** WORK REQUEST **
Write out exactly, and only, the lines below from the line with "- Perfect Choice" through the line with "要模拟自定义位置,请选择模拟"; pictures do not belong in the copy.

==== AVAILABLE DATA

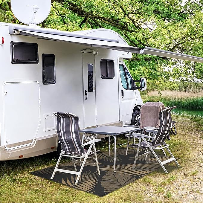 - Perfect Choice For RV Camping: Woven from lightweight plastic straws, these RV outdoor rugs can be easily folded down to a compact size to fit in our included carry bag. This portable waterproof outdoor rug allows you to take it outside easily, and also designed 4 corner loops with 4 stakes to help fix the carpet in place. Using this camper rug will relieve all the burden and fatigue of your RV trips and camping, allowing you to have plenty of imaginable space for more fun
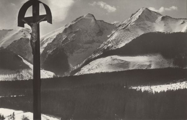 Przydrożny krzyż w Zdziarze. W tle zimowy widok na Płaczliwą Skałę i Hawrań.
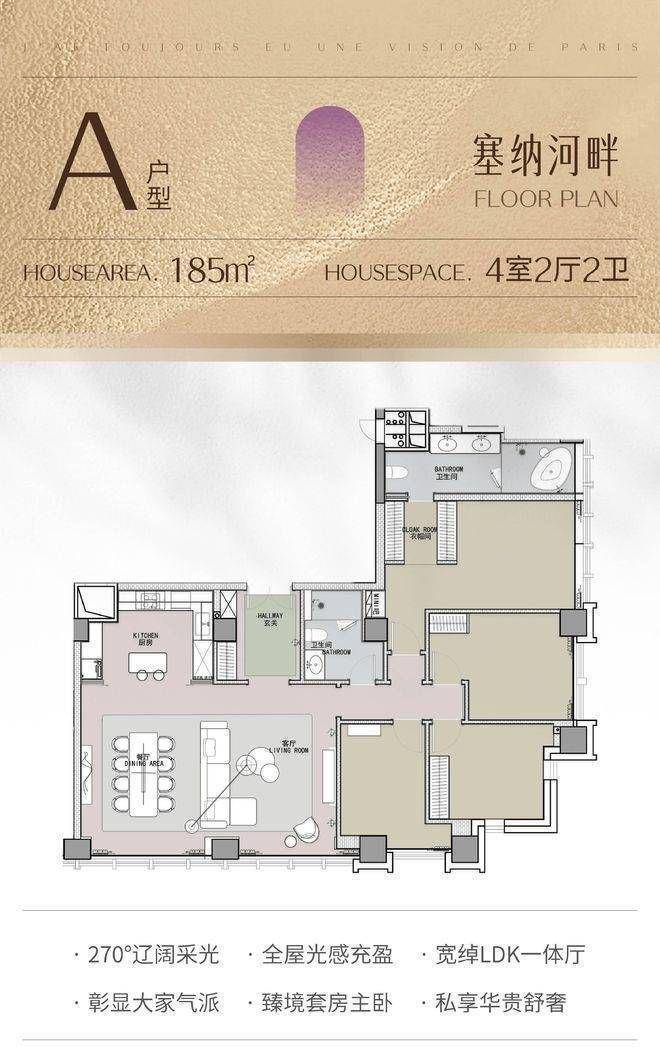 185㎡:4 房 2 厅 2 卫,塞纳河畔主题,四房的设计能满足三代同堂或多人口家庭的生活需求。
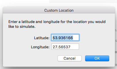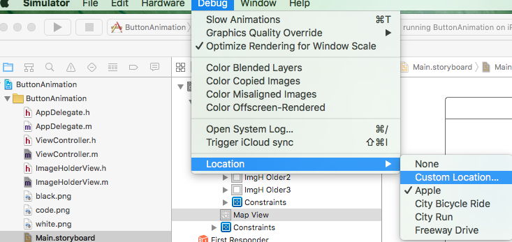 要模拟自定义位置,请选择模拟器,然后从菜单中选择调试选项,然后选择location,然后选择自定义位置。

========
==== AVAILABLE DATA

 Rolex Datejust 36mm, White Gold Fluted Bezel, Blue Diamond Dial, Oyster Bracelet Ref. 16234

========

** EXERCISE RESPONSE **
 - Perfect Choice For RV Camping: Woven from lightweight plastic straws, these RV outdoor rugs can be easily folded down to a compact size to fit in our included carry bag. This portable waterproof outdoor rug allows you to take it outside easily, and also designed 4 corner loops with 4 stakes to help fix the carpet in place. Using this camper rug will relieve all the burden and fatigue of your RV trips and camping, allowing you to have plenty of imaginable space for more fun
 Przydrożny krzyż w Zdziarze. W tle zimowy widok na Płaczliwą Skałę i Hawrań.
 185㎡:4 房 2 厅 2 卫,塞纳河畔主题,四房的设计能满足三代同堂或多人口家庭的生活需求。
 要模拟自定义位置,请选择模拟器,然后从菜单中选择调试选项,然后选择location,然后选择自定义位置。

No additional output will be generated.